Numba Integration#

The tskit.jit.numba module provides classes for working with tree sequences from Numba jit-compiled Python code. Such code can run up to hundreds of times faster than normal Python, yet avoids the difficulties of writing C or other low-level code.

Note

Numba is not a direct dependency of tskit, so will not be available unless installed:

pip install numba

or

conda install numba

Overview#

The numba integration provides:

These classes are designed to work within Numba’s @njit decorated functions, allowing you to write high-performance tree sequence analysis code.

Basic Usage#

The tskit.jit.numba module is not imported with normal tskit so must be imported explicitly:

import numpy as np
import tskit
import tskit.jit.numba as tskit_numba

Normal third-party classes such as tskit.TreeSequence can’t be used in numba.njit compiled functions so the tskit.TreeSequence must be wrapped in a NumbaTreeSequence by jitwrap(). This must be done outside njit code:

import msprime

ts = msprime.sim_ancestry(
    samples=50000,
    sequence_length=100000,
    recombination_rate=0.1,
    random_seed=42
)
numba_ts = tskit_numba.jitwrap(ts)
print(type(numba_ts))
<class 'numba.experimental.jitclass.boxing._NumbaTreeSequence'>

Tree Iteration#

Tree iteration can be performed using the NumbaTreeIndex class. This class provides next() and prev() methods for forward and backward iteration through the trees in a tree sequence. Its in_range and out_range attributes provide the edges that must be added or removed to form the current tree from the previous tree, along with the current tree interval and its sites and mutations through site_range and mutation_range.

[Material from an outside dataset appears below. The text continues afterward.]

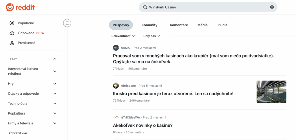 Z vykonanej analýzy musím konštatovať, že na platforme Reddit neexistuje žiadna relevantná informačná stopa o Kasíne WinsPark. Žiadny z príspevkov neposkytuje priame recenzie, sťažnosti, pochvaly ani mená užívateľov s osobnou skúsenosťou s týmto operátorom. Diskusné vlákna sú buď všeobecné (AMA krupiéra), alebo sa týkajú iných, kamenných kasín.

A NumbaTreeIndex instance can be obtained from a NumbaTreeSequence using the tree_index() method. The initial state of this is of a “null” tree outside the range of the tree sequence, the first call to next() or prev() will be to the first, or last tree sequence tree respectively. After that, the in_range and out_range attributes will provide the edges that must be added or removed to form the current tree from the previous tree. For example tree_index.in_range.order[in_range.start:in_range.stop] will give the edge ids that are new in the current tree, and tree_index.out_range.order[out_range.start:out_range.stop] will give the edge ids that are no longer present in the current tree. tree_index.site_range and tree_index.mutation_range give the indexes into the tree sequences site and mutation arrays.

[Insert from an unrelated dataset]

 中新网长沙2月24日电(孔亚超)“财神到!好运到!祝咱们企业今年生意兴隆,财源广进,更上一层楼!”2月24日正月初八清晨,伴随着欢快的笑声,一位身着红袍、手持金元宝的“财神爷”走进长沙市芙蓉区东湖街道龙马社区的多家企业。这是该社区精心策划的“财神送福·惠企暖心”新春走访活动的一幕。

As a simple example we can calculate the number of edges in each tree in a tree sequence:

import numba

@numba.njit
def edges_per_tree(numba_ts):
    tree_index = numba_ts.tree_index()
    current_num_edges = 0
    num_edges = []
    
    # Move forward through the trees
    while tree_index.next():
        # Access current tree information
        in_range = tree_index.in_range
        out_range = tree_index.out_range
        
        current_num_edges -= (out_range.stop - out_range.start)
        current_num_edges += (in_range.stop - in_range.start)
        num_edges.append(current_num_edges)
    return num_edges

Hide code cell content

# Warm up the JIT compiler
edges = edges_per_tree(numba_ts)
import time

t = time.time()
jit_num_edges = edges_per_tree(numba_ts)
print(f"JIT Time taken: {time.time() - t:.4f} seconds")
JIT Time taken: 0.0363 seconds

Doing the same thing with the normal tskit API would be much slower:

t = time.time()
python_num_edges = []
for tree in ts.trees():
    python_num_edges.append(tree.num_edges)
print(f"Normal Time taken: {time.time() - t:.4f} seconds")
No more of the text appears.